Hopefully, faced with a lawsuit, your sellers may be more realistic.
DEAR BENNY: My mom has owned her home for 30 years and it has gone up in value. My grandma passed away about a year ago and my mom moved into her home. My brother is living in my mom’s home. My mom would like to sell the home to my brother, but he currently does not have the credit to be able to get a loan for the home because of a bankruptcy four years ago.
One idea I had was to do a land contract so that he could make payments on the home until his credit was good enough to get a regular loan. My question is: In land contracts, does the taxable event occur at the time the land contract is signed or at the end of the contract when actual title is transferred? Because she will likely officially sell the home after two years of residing in it, she would like to avoid paying capital gains tax on the equity gained from the sale. Would a land contract work? –Amanda
DEAR AMANDA: Any tax-related questions must be answered by your own tax advisors, as each case has different facts. I can provide only general advice.

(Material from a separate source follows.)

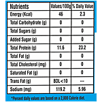 Natural Whole EggNutrition per gram: 100g Energy (Kcal): 46 Kcal Total Carbohydrate (g): 0 g Total Sugars (g): 0 g Added Sugar (g): 0 g Total Protein (g): 11.6 g Total Fat (g): 0 g Total Cholesterol (mg): BDL<10 mg Saturated Fat (g): 0 g Trans Fat (g): 0 g Sodium (mg): 119.2 mg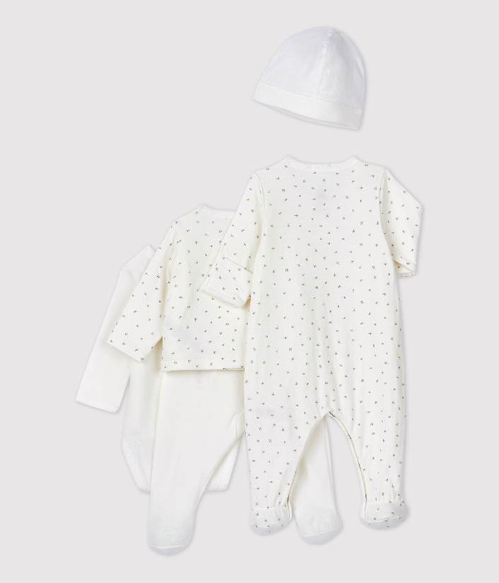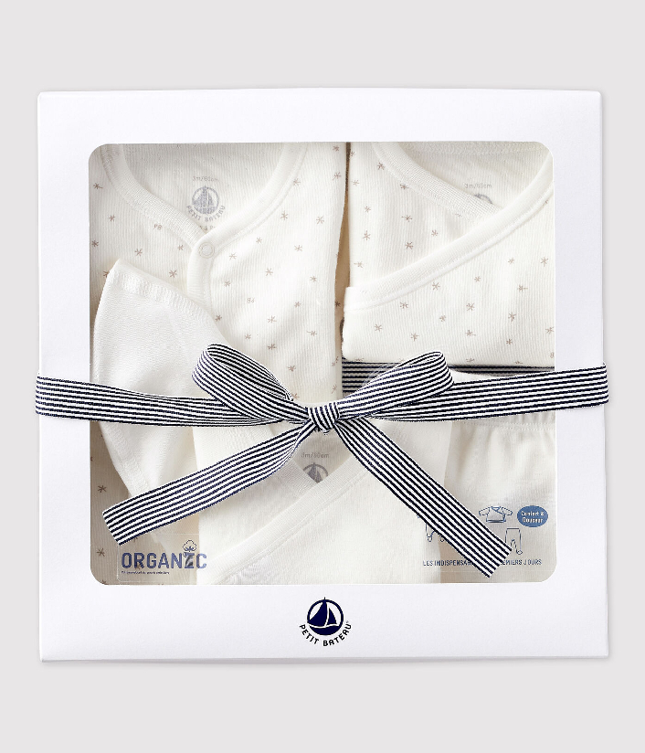 Все, что вам нужно, в одном подарочном комплекте для новорожденного: пижама, боди с длинными рукавами, ползунки, блузка, шапочка. Сертифицированный материал Oeko-Tex Standart 100 гарантирует качество. Для пошива изделия используется органический хлопок. Состав: 100% хлопок

A land sales contract — also known as an "installment sales contract" — is an arrangement where the seller prepares a deed to the property, and the deed is held in escrow (usually by the seller’s attorney) until such time as the buyer can come up with all of the sales proceeds. In some states, the contract must be recorded among the local land records.

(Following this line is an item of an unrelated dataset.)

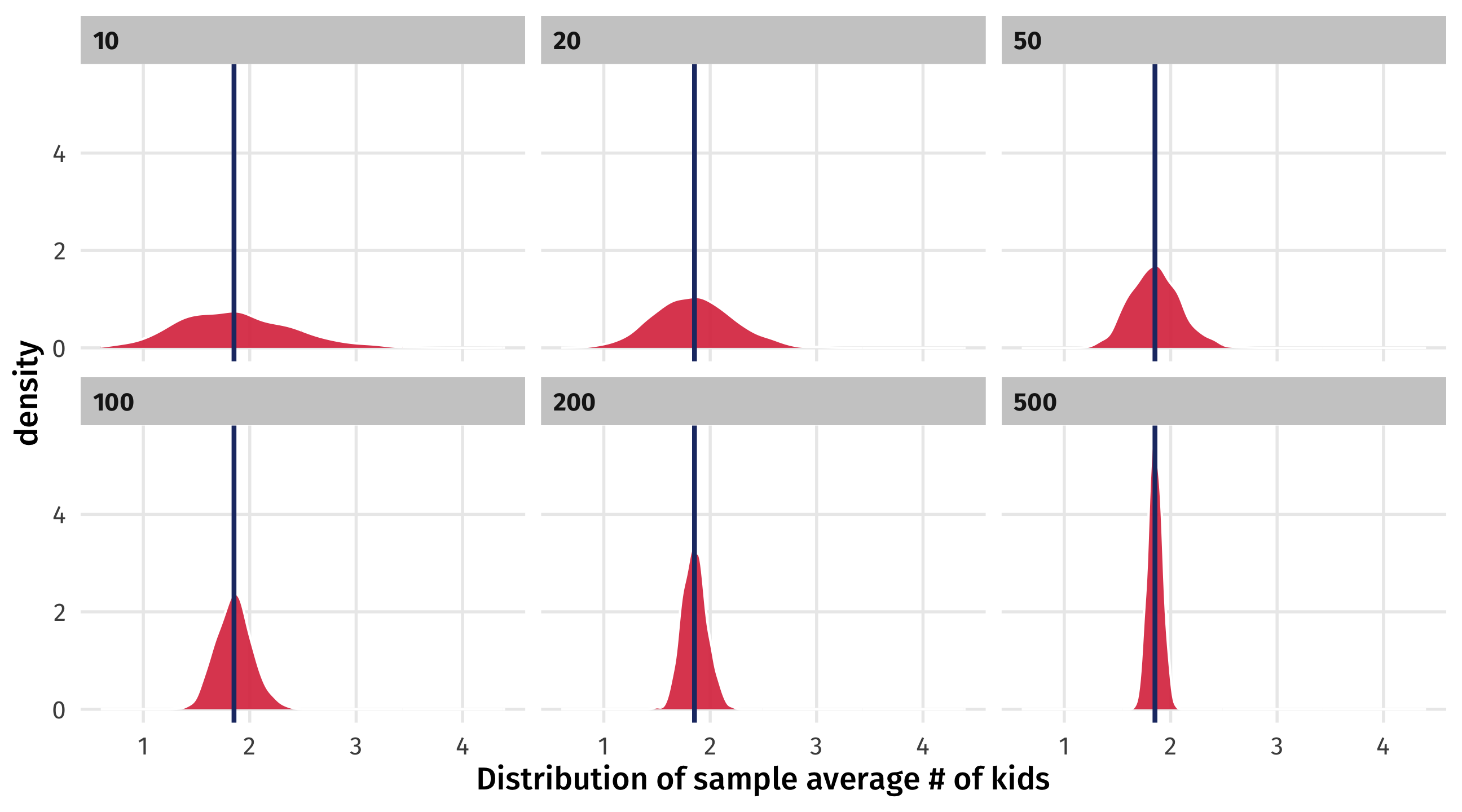 You are 50% “confident” that avg. number of kids could vary between 1.83 and 1.87. Narrower range! But low confidence!

The tax law is very clear that the sale for tax purposes takes place when the deed is put in escrow. Thus I would take the position that your mother would be able to take advantage of the up-to-$250,000 exclusion of gain.
One note of caution: If there is a mortgage on the property, a land sales contract will trigger the "due on sale" clause. However, because this would be a transaction between mother and son, the lender cannot call the loan due. On the other hand, if the transaction were with a stranger, the lender would have the right to accelerate the loan.